— DIRECTIONS —
The answer must restate the listing word for word, without its images.

— DATA EXCERPT —
*** Block opens ***

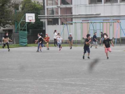 どの学年の子どもたちも、休み時間になると、声を掛け合って、校庭で鬼ごっこをしたりバランスボールで遊んだりするなど、元気に過ごしました。
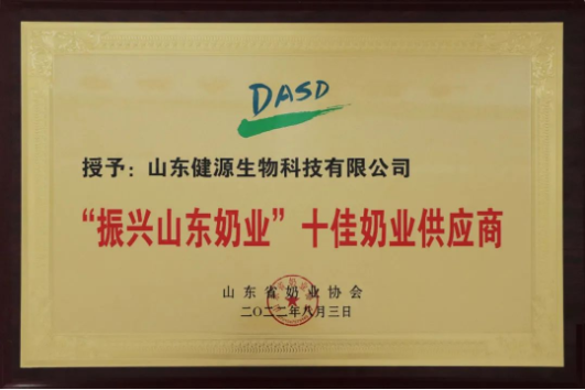 山東健源生物科技有限公司榮獲“振興山東奶業(yè)”十佳奶業(yè)供應商 稱號
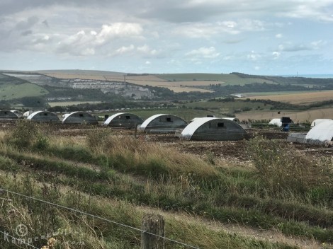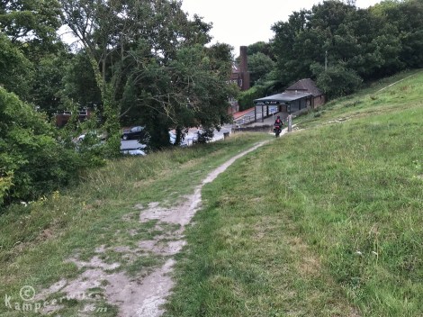 We komen langs een van de markante punten, Devil’s Dyke. Het is een wal opgestuwd in de ijstijd. We lunchen op de boerderij bij Saddlescombe. We doen er drie uur over om de tien kilometer hierheen af te leggen. Hier zouden we eerst gaan kamperen, als het niet zo zou zijn gaan regenen. Er hangt hier een leuke vibe. Er is een ‘food van’ die ontbijt en lunch serveert. De South Downs Way loopt over hun grond.

*** Block closes ***

— WRITTEN SOLUTION —
 どの学年の子どもたちも、休み時間になると、声を掛け合って、校庭で鬼ごっこをしたりバランスボールで遊んだりするなど、元気に過ごしました。
 山東健源生物科技有限公司榮獲“振興山東奶業(yè)”十佳奶業(yè)供應商 稱號
 We komen langs een van de markante punten, Devil’s Dyke. Het is een wal opgestuwd in de ijstijd. We lunchen op de boerderij bij Saddlescombe. We doen er drie uur over om de tien kilometer hierheen af te leggen. Hier zouden we eerst gaan kamperen, als het niet zo zou zijn gaan regenen. Er hangt hier een leuke vibe. Er is een ‘food van’ die ontbijt en lunch serveert. De South Downs Way loopt over hun grond.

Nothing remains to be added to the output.